Data items:
=== Begin Enclosure ===

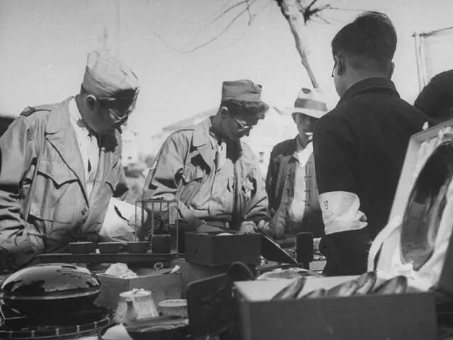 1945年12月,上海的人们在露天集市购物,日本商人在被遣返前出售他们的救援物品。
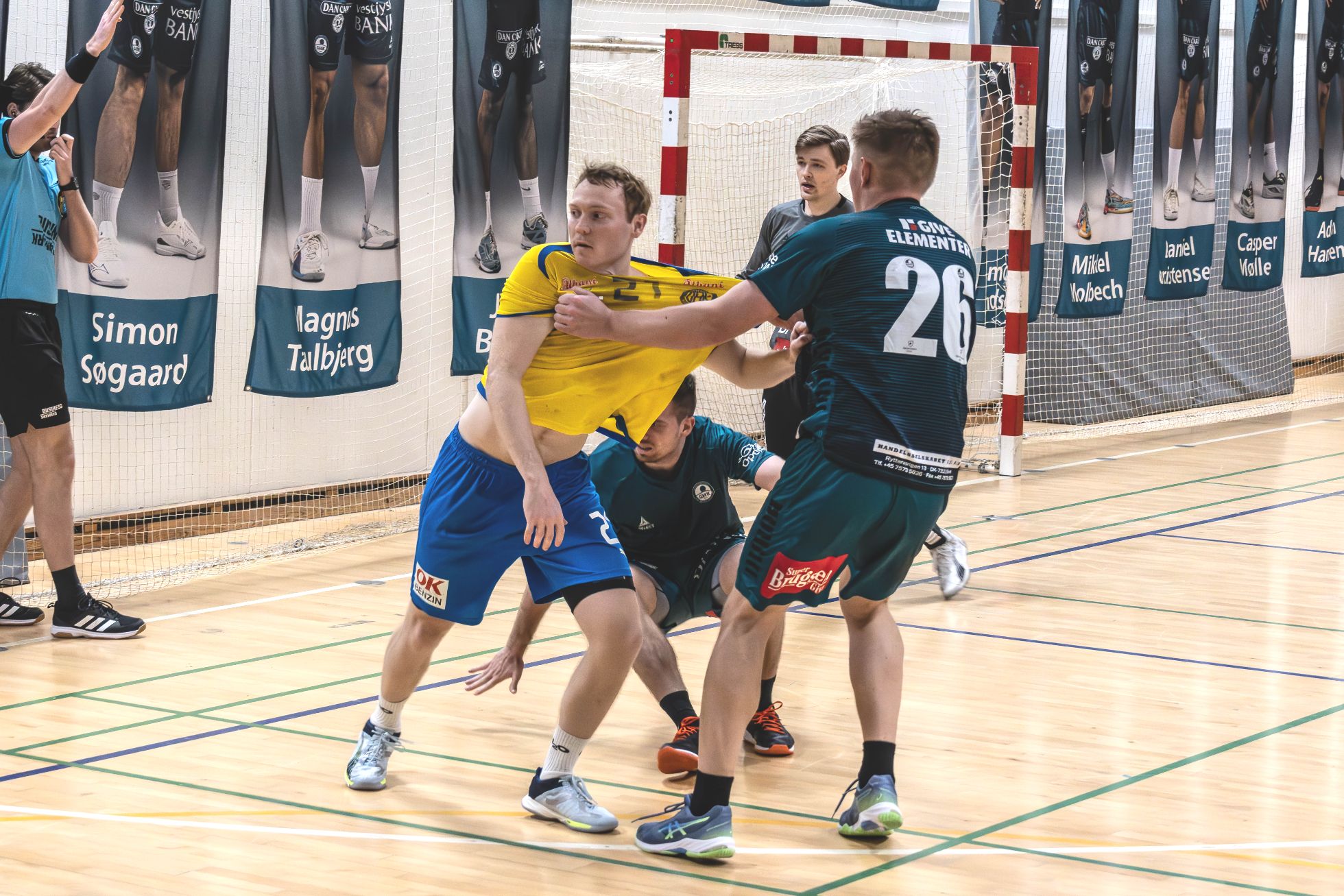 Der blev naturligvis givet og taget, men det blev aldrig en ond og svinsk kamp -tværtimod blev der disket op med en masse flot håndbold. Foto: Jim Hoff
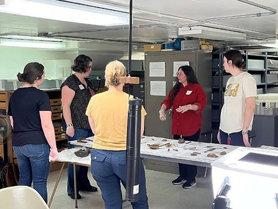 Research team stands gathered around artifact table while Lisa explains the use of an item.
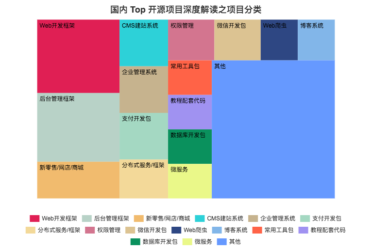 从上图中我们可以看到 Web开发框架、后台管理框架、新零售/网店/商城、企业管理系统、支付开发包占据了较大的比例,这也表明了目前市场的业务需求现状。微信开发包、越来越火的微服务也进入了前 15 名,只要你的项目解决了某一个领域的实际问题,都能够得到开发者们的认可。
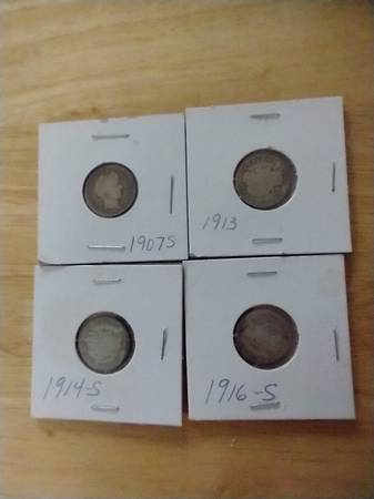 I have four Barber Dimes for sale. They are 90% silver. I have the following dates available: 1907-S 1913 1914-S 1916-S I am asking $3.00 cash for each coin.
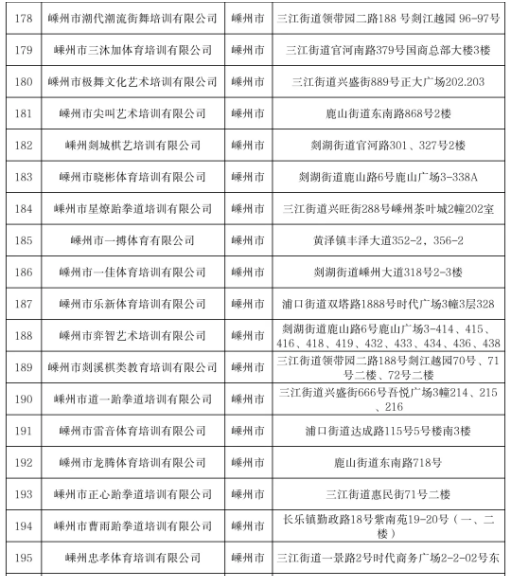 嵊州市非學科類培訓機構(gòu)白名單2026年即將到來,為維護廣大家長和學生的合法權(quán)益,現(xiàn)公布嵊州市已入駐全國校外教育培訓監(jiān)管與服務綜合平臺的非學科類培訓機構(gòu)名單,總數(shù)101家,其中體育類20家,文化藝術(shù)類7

=== End Enclosure ===

DESCRIPTION OF THE TASK: Give back each entry exactly as it appears, with no pictures.

ANSWER SPACE:
 1945年12月,上海的人们在露天集市购物,日本商人在被遣返前出售他们的救援物品。
 Der blev naturligvis givet og taget, men det blev aldrig en ond og svinsk kamp -tværtimod blev der disket op med en masse flot håndbold. Foto: Jim Hoff
 Research team stands gathered around artifact table while Lisa explains the use of an item.
 从上图中我们可以看到 Web开发框架、后台管理框架、新零售/网店/商城、企业管理系统、支付开发包占据了较大的比例,这也表明了目前市场的业务需求现状。微信开发包、越来越火的微服务也进入了前 15 名,只要你的项目解决了某一个领域的实际问题,都能够得到开发者们的认可。
 I have four Barber Dimes for sale. They are 90% silver. I have the following dates available: 1907-S 1913 1914-S 1916-S I am asking $3.00 cash for each coin.
 嵊州市非學科類培訓機構(gòu)白名單2026年即將到來,為維護廣大家長和學生的合法權(quán)益,現(xiàn)公布嵊州市已入駐全國校外教育培訓監(jiān)管與服務綜合平臺的非學科類培訓機構(gòu)名單,總數(shù)101家,其中體育類20家,文化藝術(shù)類7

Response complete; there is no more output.